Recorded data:

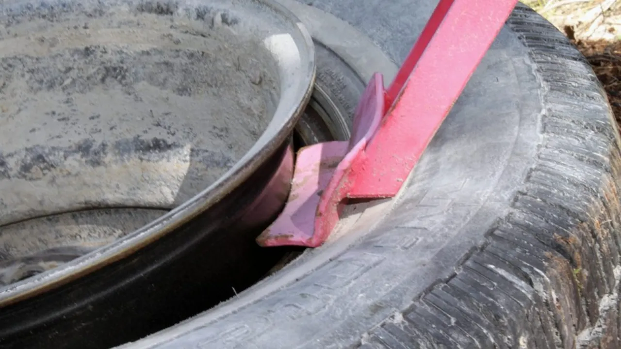 - یا اینکه لاستیک (تایر) را در دستگاه تعویض لاستیک (تایر) دستی قفل کنید و سپس با میله تعویض، رینگ را از لاستیک (تایر) جدا کنید.
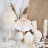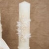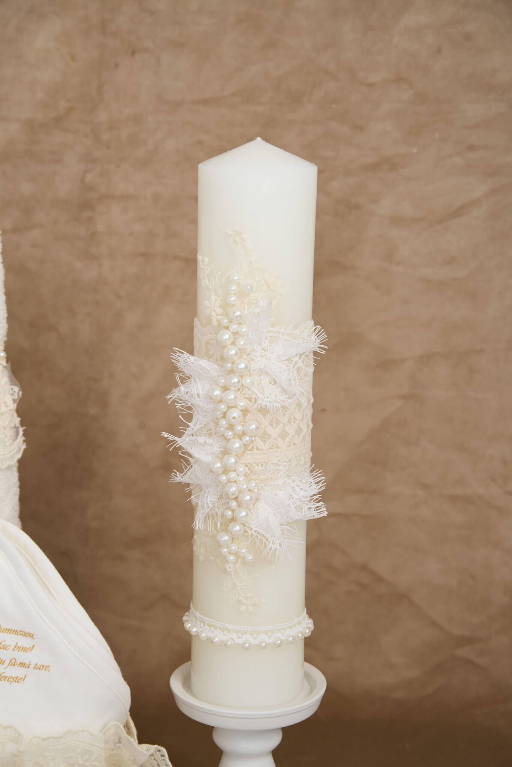🕯️ Lumânare de botez – Lumânare asortată cu material vaporos din tull, dantelă și perle fine.
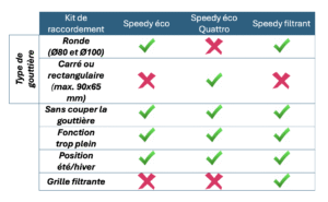 Zone plane pour raccordement à une gouttière ou pour jumeler 2 cuves
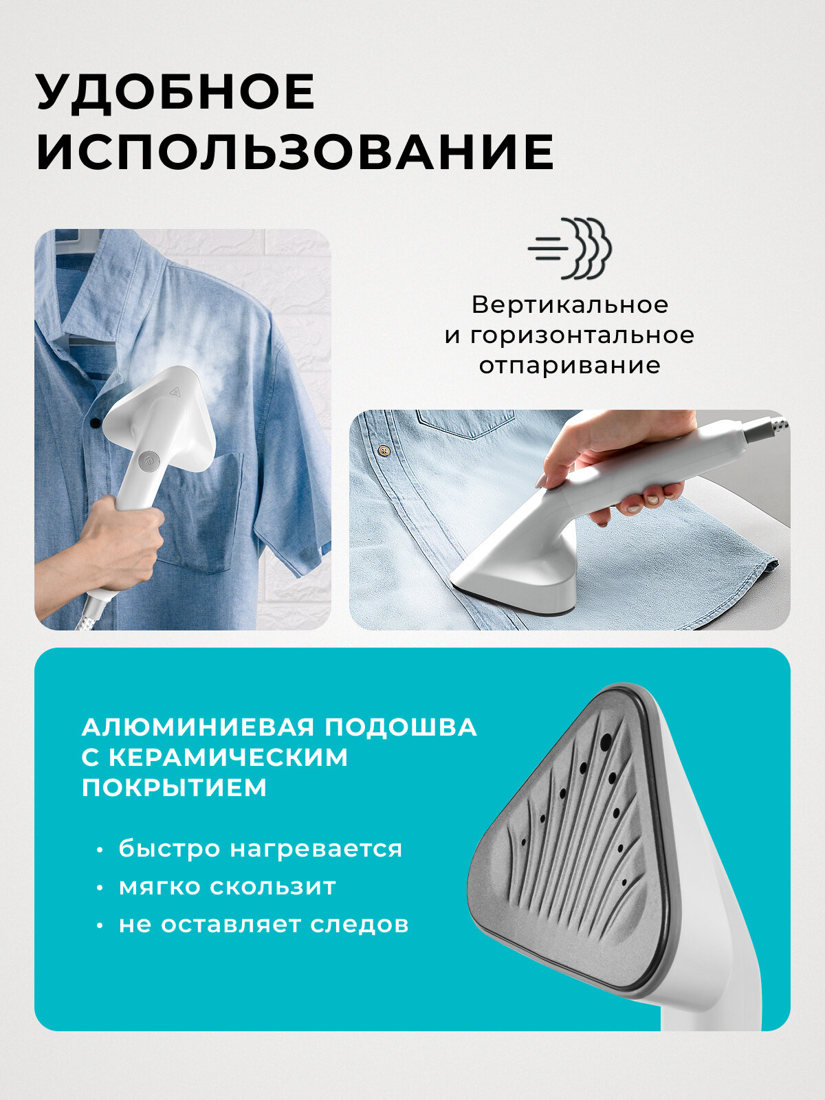 Простота использования и компактный дизайн делают этот отпариватель идеальным решением для дома и путешествий. Он быстро нагревается, готов к работе за считанные секунды, и легко помещается в багаж. Вы всегда сможете выглядеть безупречно, где бы вы ни находились!
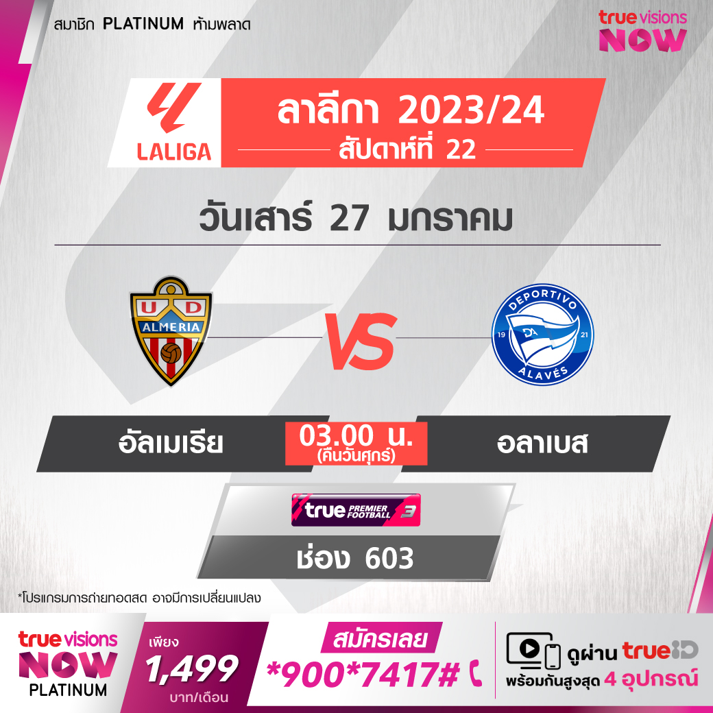 Almeria vs Alaves เวลา 03.00-05.00 ทางช่อง TPF 3 (603)
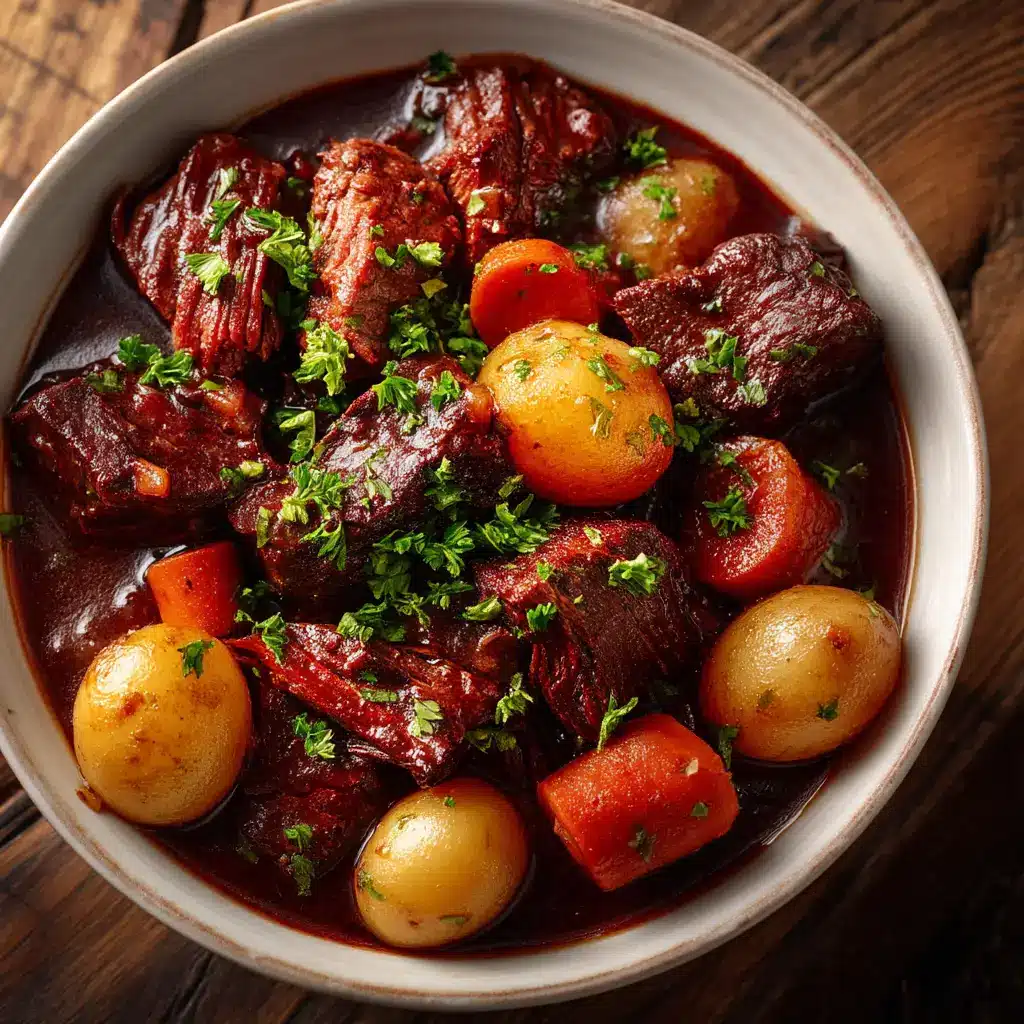 This isn’t just a beef stew; it’s an experience. The magic lies in the slow-simmering process, which allows the flavors of the beef, vegetables, and robust red wine to meld together into something truly spectacular. Whether you’re planning a cozy Sunday dinner or looking to impress guests, this recipe is a guaranteed showstopper.
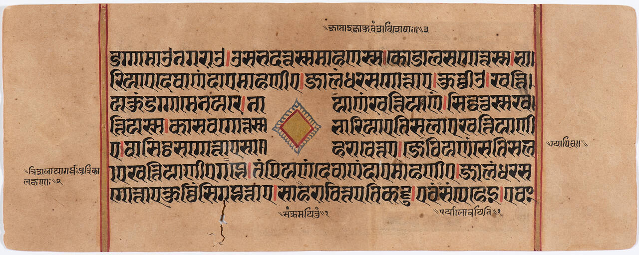 Jain Manuscript of the Kalpasutra and Kalakacavyakatha: recto; text, verso; painting of Shaka (Indra) and Harinegamesi
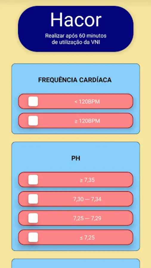 This application can help the health professional at the bedside in his decision-making and indicate the patient in acute respiratory failure to non-invasive ventilatory support or orotracheal intubation associated with invasive mechanical ventilation and according to the score of the answers presented during the course. its use, it may inform the possible procedure to be performed.
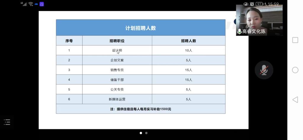 首先由人力资源部总监石红对高睿集团进行了介绍,再由高睿集团总裁陈晓纯为我们分享《文化娱乐行业发展的现状及高睿集团的人才发展观》。主要从企业介绍、行业发展趋势、人才价值观、招聘详情等四个方面来进行讲解。陈晓纯总裁从公司创办的一路历程讲到现在一个稳定的公司规模,通过很多案例展现公司运营管理模式,说明企业未来发展趋势。激励员工们努力学习,不断提升专业能力,完善自我,强化自身综合素养。
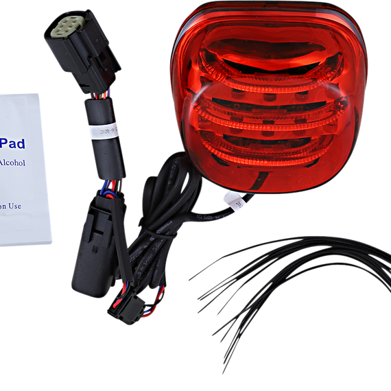 Caracteristicas: Simple solution to add a third brake light to the rear fender The Low-Profile taillight design protrudes only two inches from the fender for a sleek custom look Modern LED light pipe design with three running light pipes Three running LED light pipes illuminate across the taillight as a running light with 10 full intensity brake LEDs Completely sealed unit mounts with double-sided tape to the rear fender and wires route behind the Turn Signal Eliminator bracket Compatible with parts 2040-2335, 2040-2336, 2030-1453, 2030-1498, 2030-1497, 2030-1496, 2030-1495 (sold separately) Plug and play, no drilling required
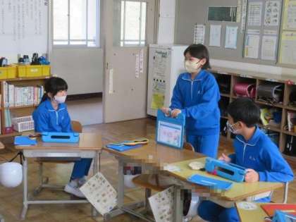 10/10 3・4年生 公開日 2023/10/10 更新日 2023/10/10 各学年から 3・4年生 図画工作科の授業の様子です。 今日は「まぼろしの花」の学習です。絵の具を使って作品作りをする予定ですが、どんなお花を描くのか、下書きイメージを学習用タブレットで作成して、お互いに伝え合いました。さまざまな「まぼろしの花」が描かれそうで完成が今から楽しみです。
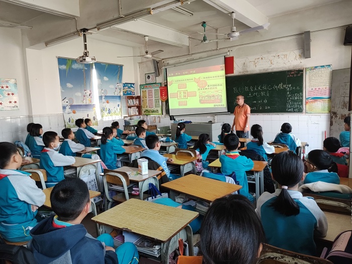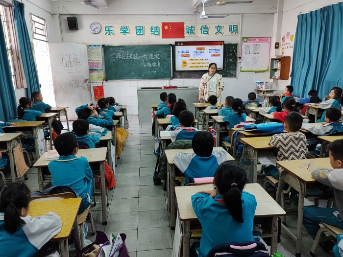 班會課上,老師通過PPT課件,分別從國家、社會、個人三個層面對社會主義核心價值觀做了詳細講解,讓同學們了解了什么是價值觀,我們需要什么樣的價值觀。號召同學們在成長成才的過程中,養成良好的道德行為規范,既要做中華傳統美德的傳承者,也要做以“富強、民主、文明、和諧;自由、平等、公正、法治;愛國、敬業、誠信、友善”為基本內容的社會主義核心價值觀的小小踐行者,長大后成為有擔當和責任感的社會棟梁。
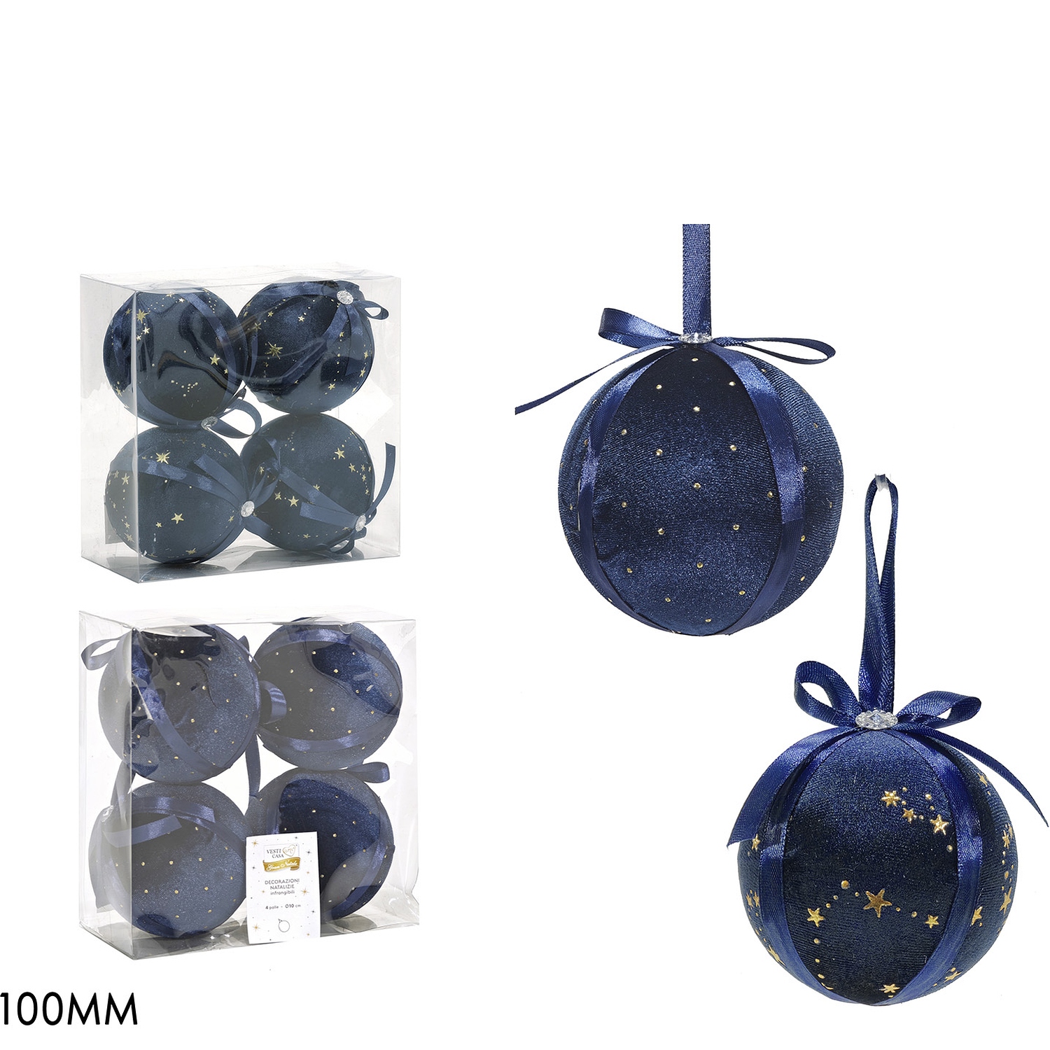Χριστουγεννιάτικη Μπάλα Μπλε 100mm Σετ 4Τμχ Σε 2 Σχέδια
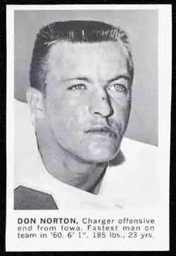 Donald Farris Norton (March 3, 1938 – June 23, 1997) was an American professional football end in the American Football League (AFL). He played college football at the University of Iowa and was drafted by the newly formed AFL in 1960, playing seven seasons for the Los Angeles/San Diego Chargers (1960–1966), making the AFL All-Star team in 1961 and 1962. After retiring, Norton began to experience health problems from steroid use, which was widespread in the teams he played on. He suffered a heart attack at the age of 59 and died in 1997 after undergoing open heart surgery.[3]

What this task involves
Only one stretch of the data is wanted: write out exactly the lines from the one holding "Простота использования и" through the one holding "This isn’t just", both included, without the pictures.

Answer to the problem
 Простота использования и компактный дизайн делают этот отпариватель идеальным решением для дома и путешествий. Он быстро нагревается, готов к работе за считанные секунды, и легко помещается в багаж. Вы всегда сможете выглядеть безупречно, где бы вы ни находились!
 Almeria vs Alaves เวลา 03.00-05.00 ทางช่อง TPF 3 (603)
 This isn’t just a beef stew; it’s an experience. The magic lies in the slow-simmering process, which allows the flavors of the beef, vegetables, and robust red wine to meld together into something truly spectacular. Whether you’re planning a cozy Sunday dinner or looking to impress guests, this recipe is a guaranteed showstopper.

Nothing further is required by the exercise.